The following stability test was performed using the drug prepared in example 4 as a test sample to verify the stability of the compound liquid preparation of the present invention.

High temperature, high humidity and light test

The test method comprises the following steps: 900ml of the sample prepared in example 4 was taken, 10ml of each sample was filled, and each sample was filled in a white glass bottle, sealed, divided into 3 groups, and 30 samples were placed in one group, and each group was placed at a high temperature (60 ℃) for 30 days, at a high humidity (92% ± 5%) for 60 days, and under illumination (illuminance 4500Lx ± 500Lx) for 60 days, and sampling and detection were performed for 10 days, 30 days, and 60 days, respectively, using phenylephrine hydrochloride content as a detection index. The results are shown in Table 1.
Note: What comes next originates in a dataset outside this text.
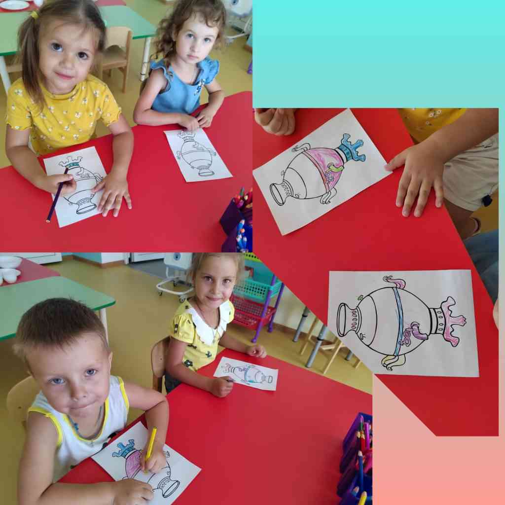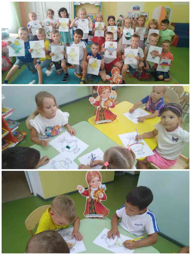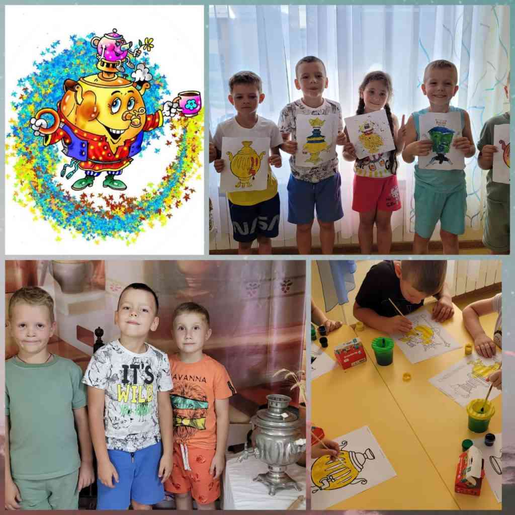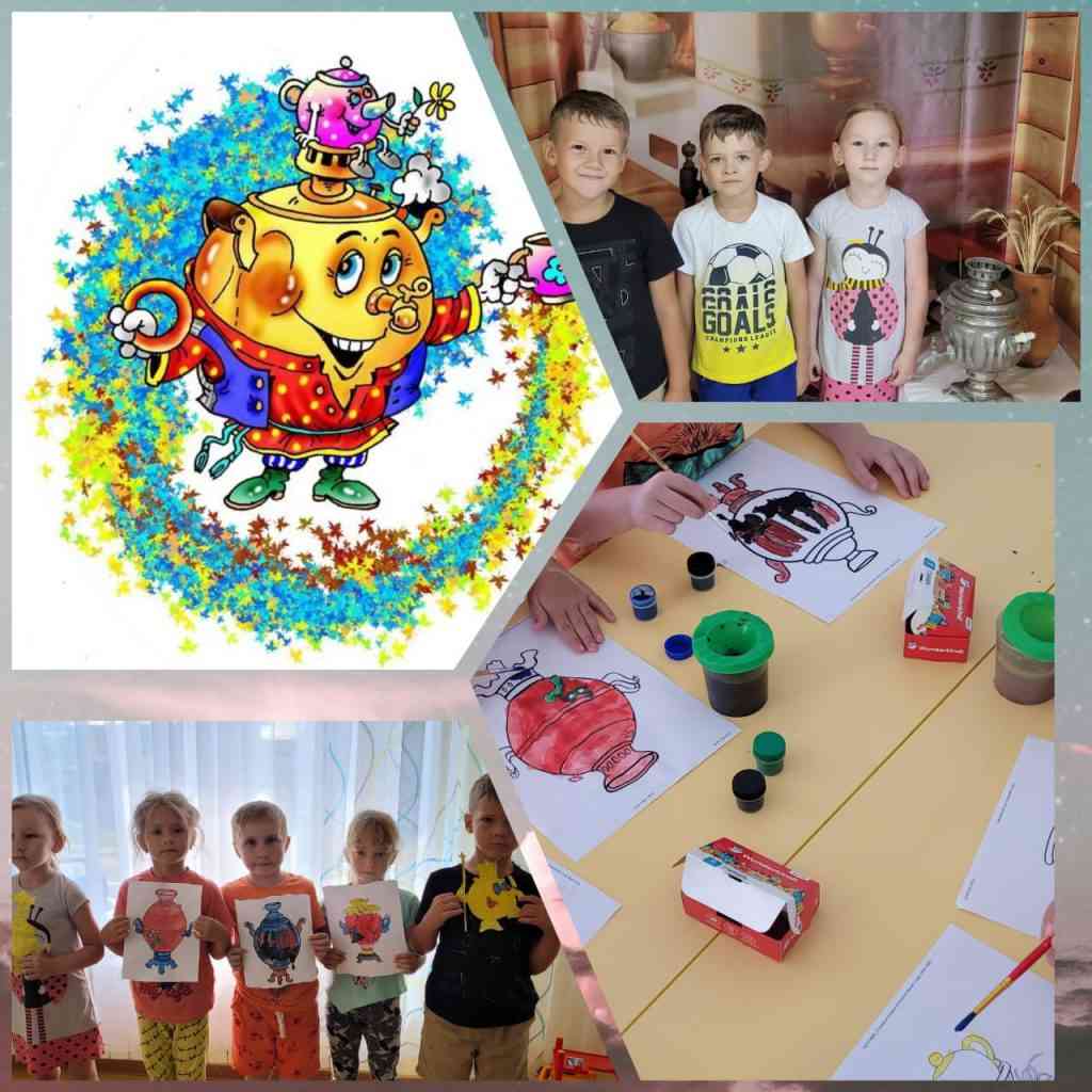 Дети с удовольствием отгадывали загадки по теме праздника, и из каких литературных произведений взяты строки, в которых упоминается о чаепитии. Воспитанники разрисовали эскизы самовара, и они получились на славу.

TABLE 1 table of samples tested under high temperature, high humidity and light conditions

The results show that: the invention is stored at the high temperature of 60 ℃, so that the phenylephrine hydrochloride content is obviously reduced; the content change is not obvious under the conditions of high humidity and illumination. The invention is demonstrated that the invention can be preserved under the condition of normal temperature.